[Source information]

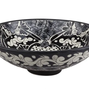 Ręcznie wykonana ceramiczna umywalka nablatowa – do użytku wewnętrznego w łazienkach Ręcznie wykonana, z wykorzystaniem tradycyjnych technik, każda sztuka jest indywidualnie zdobiona, a wzory nakładane są ręcznie na całą powierzchnię, zarówno wewnątrz, jak i na zewnątrz. Dzięki smukłemu, lekko wygiętemu kształtowi, umywalka ta nadaje rzeźbiarski charakter i wyrafinowaną estetykę każdemu wnętrzu. Jej oryginalny design idealnie pasuje do wnętrz w stylu boho, etnicznym lub naturalnym. Najważniejsze cechy Ręcznie wykonana dekoracja Wzory tworzone ręcznie, zgodnie z tradycją Wykończenia widoczne ze wszystkich stron Unikalny wzór dekoracyjny, który tworzy indywidualną atmosferę Wyrazisty element dekoracyjny w łazience Wysokiej jakości materiały Wysokiej jakości szkliwiona ceramika Odporna na mikrozarysowania, wilgoć i środki czystości Kolory pozostają trwałe dzięki ochronnej glazurze Łatwa w utrzymaniu Nieporowata, higieniczna powierzchnia Nie wymaga specjalnych środków czyszczących Proste czyszczenie czystą wodą z delikatnym mydłem Funkcjonalna konstrukcja Wystarczająca pojemność dla komfortowego użytkowania Łatwy montaż na umywalce lub blacie Wyłącznie do użytku wewnętrznego Średnica otworu odpływowego: 4,5 cm Montaż:
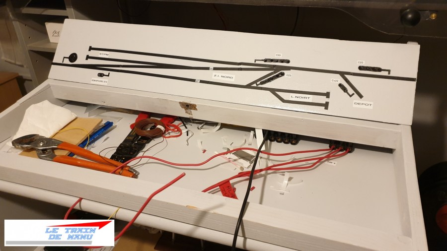 Photo 1739 : Électricité du réseau. Câblage du nouveau tableau de commande. Source : letraindemanu.fr
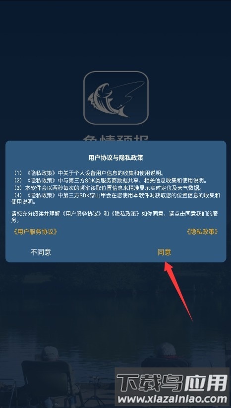 1、首次使用时,请仔细阅读服务条款与隐私政策,确认内容无误后点击同意按钮,即可进入应用。
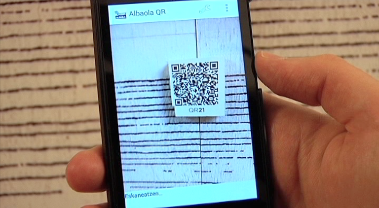 Les explications du musée Albaola peuvent être reçues dans n’importe quelle langue grâce à une application qui utilise des codes QR.
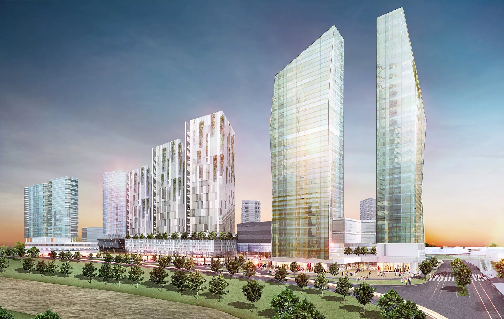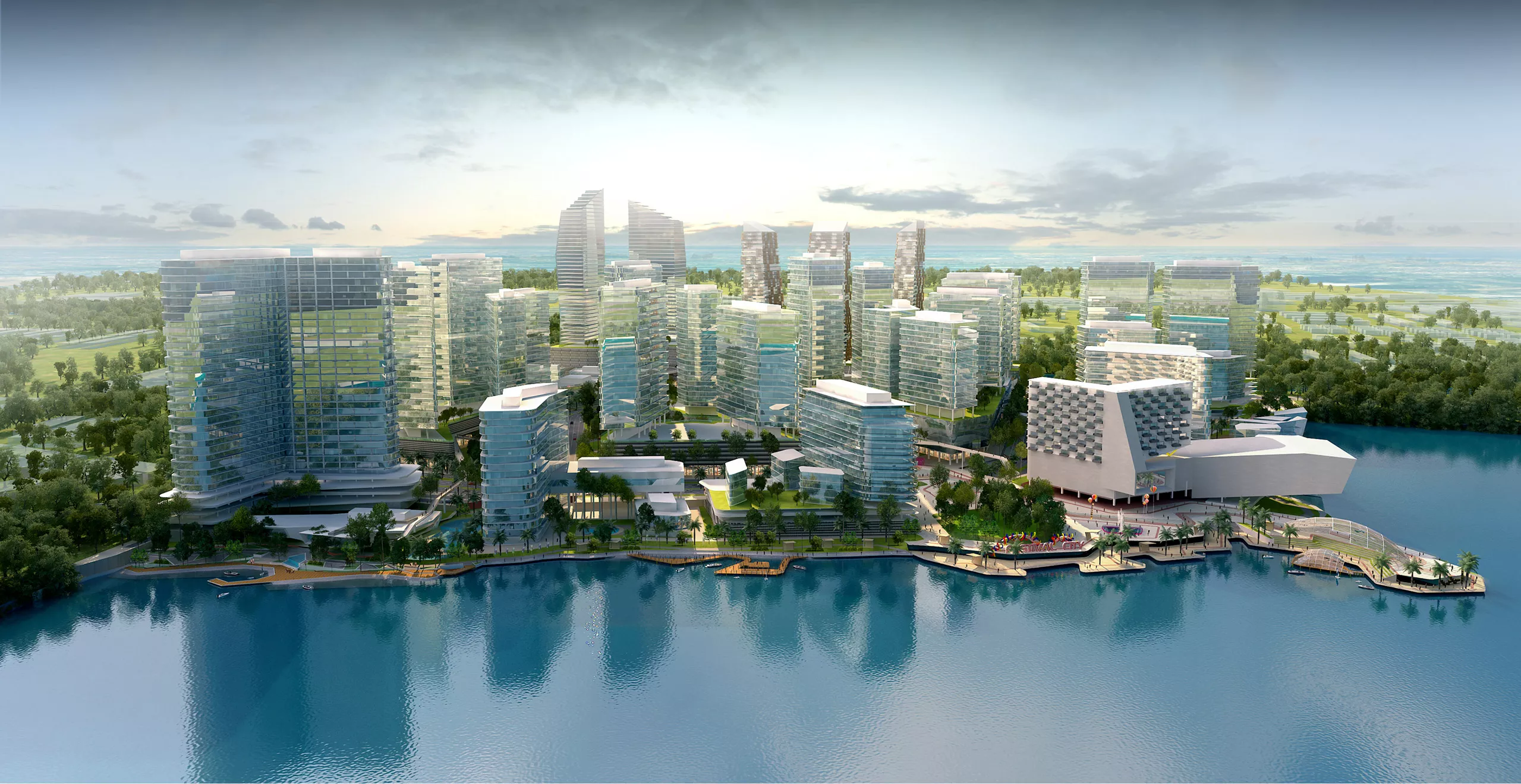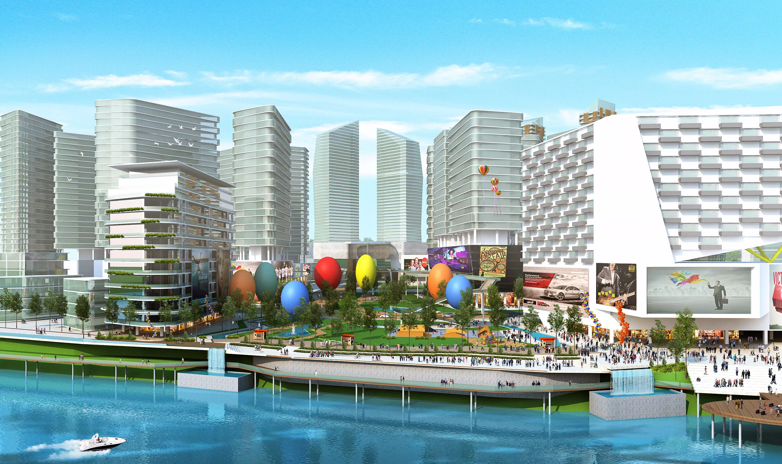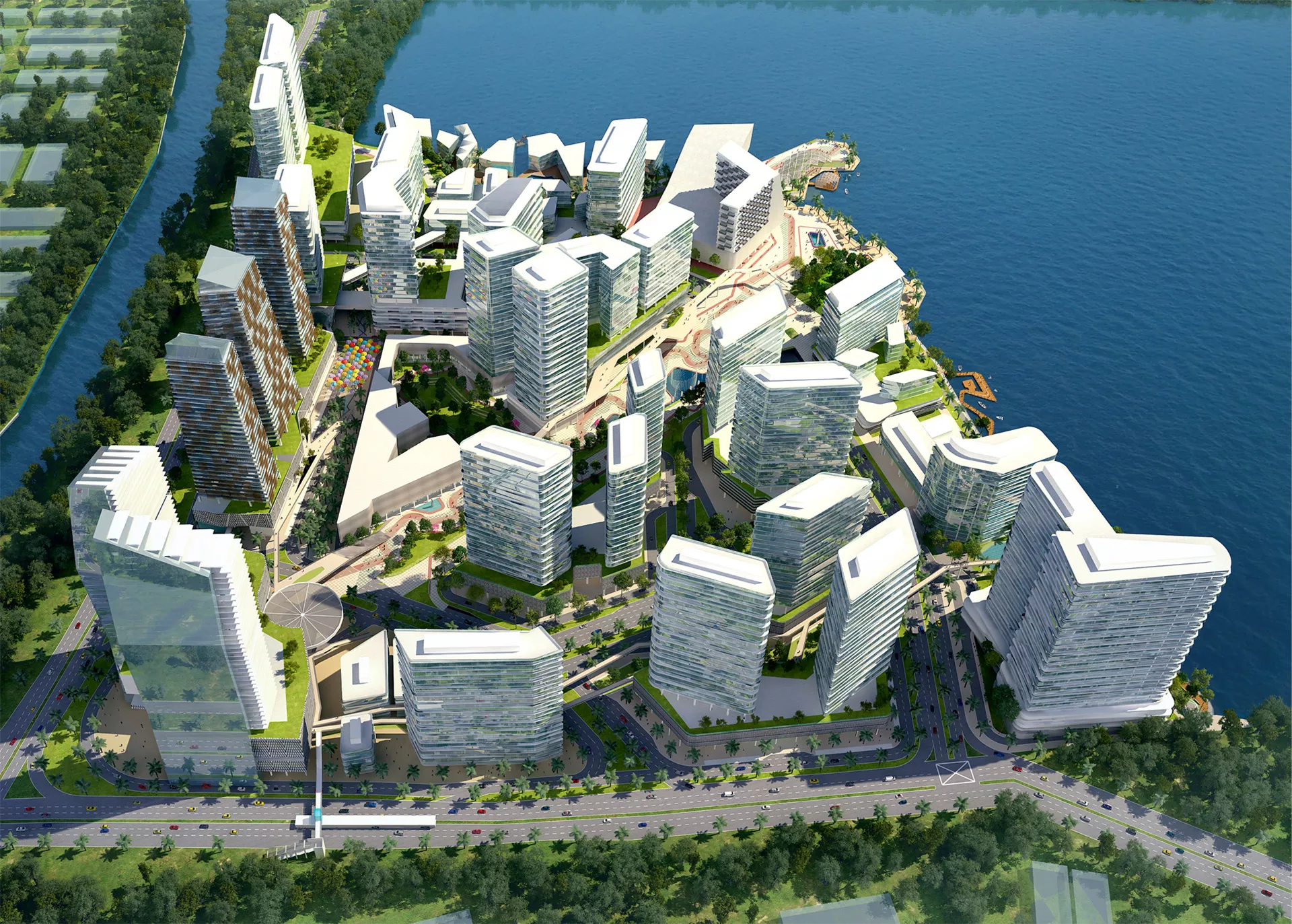 Three man-made waterways flow from iconic towers toward a central lake — a concept inspired by a river delta where streams converge toward the sea. A large urban park intersects the site’s third quadrant, serving as a main pedestrian axis and green spine that enhances connectivity and community interaction.
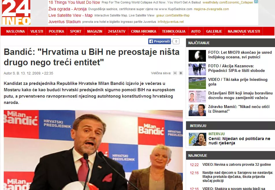 - Ako se unutar institucija BiH ne pronađe rješenje da Hrvati postanu ravnopravni, onda hrvatski narod u BiH neće imati drugu opciju nego tražiti svoj treći entitet. Danas Hrvati od zajamčene ravnopravnosti imaju malo. Ne zagovaram treći entitet s ove govornice, ali sve pokazuje da stvari idu u tom smjeru – kazao je tada Bandić.
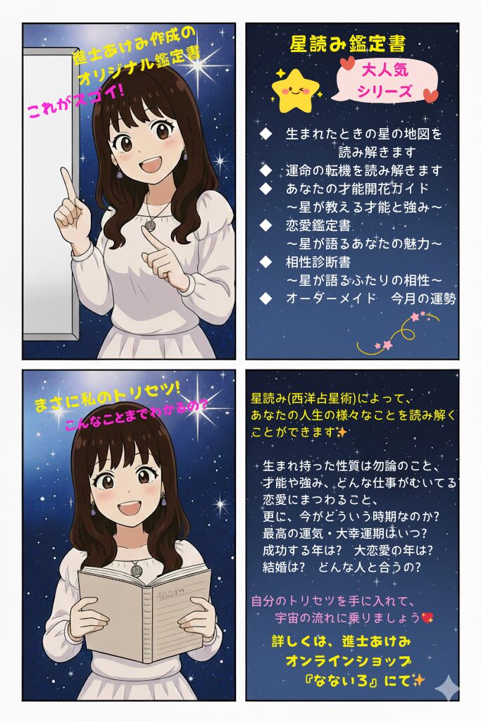 特に人気があるのがこの星読みの鑑定書シリーズです
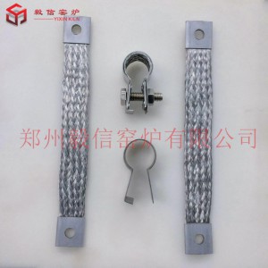 一體夾,這種單環或雙環,連接帶一起的硅碳棒夾具,常用于直徑較大的硅碳棒,安裝方便,螺絲緊固,編織帶的長度可以訂做。
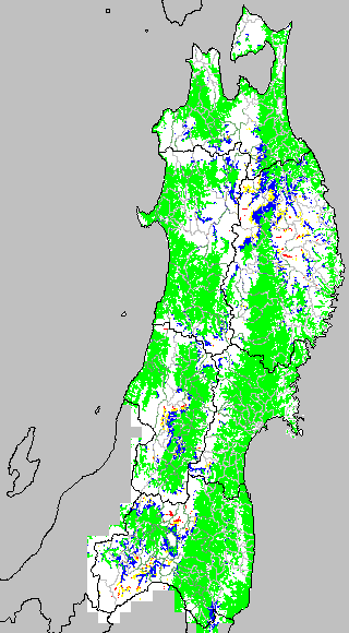 この時期平均気温が20℃以下になると、低温障害が発生しやすくなる。そこで、20℃を限界気温として、深水管理の必要な地域を特定する。また、平均気温が20〜21℃の地域も特に前歴深水管理を行う方が望ましい。この気温指標は前7日間の移動平均値で示す。

[Your task] Could you repeat word for word only the lines from the one that contains "1、首次使用时,请仔细阅读服" through the end of the listing, leaving out the pictures?

[Written response]
 1、首次使用时,请仔细阅读服务条款与隐私政策,确认内容无误后点击同意按钮,即可进入应用。
 Les explications du musée Albaola peuvent être reçues dans n’importe quelle langue grâce à une application qui utilise des codes QR.
 Three man-made waterways flow from iconic towers toward a central lake — a concept inspired by a river delta where streams converge toward the sea. A large urban park intersects the site’s third quadrant, serving as a main pedestrian axis and green spine that enhances connectivity and community interaction.
 - Ako se unutar institucija BiH ne pronađe rješenje da Hrvati postanu ravnopravni, onda hrvatski narod u BiH neće imati drugu opciju nego tražiti svoj treći entitet. Danas Hrvati od zajamčene ravnopravnosti imaju malo. Ne zagovaram treći entitet s ove govornice, ali sve pokazuje da stvari idu u tom smjeru – kazao je tada Bandić.
 特に人気があるのがこの星読みの鑑定書シリーズです
 一體夾,這種單環或雙環,連接帶一起的硅碳棒夾具,常用于直徑較大的硅碳棒,安裝方便,螺絲緊固,編織帶的長度可以訂做。
 この時期平均気温が20℃以下になると、低温障害が発生しやすくなる。そこで、20℃を限界気温として、深水管理の必要な地域を特定する。また、平均気温が20〜21℃の地域も特に前歴深水管理を行う方が望ましい。この気温指標は前7日間の移動平均値で示す。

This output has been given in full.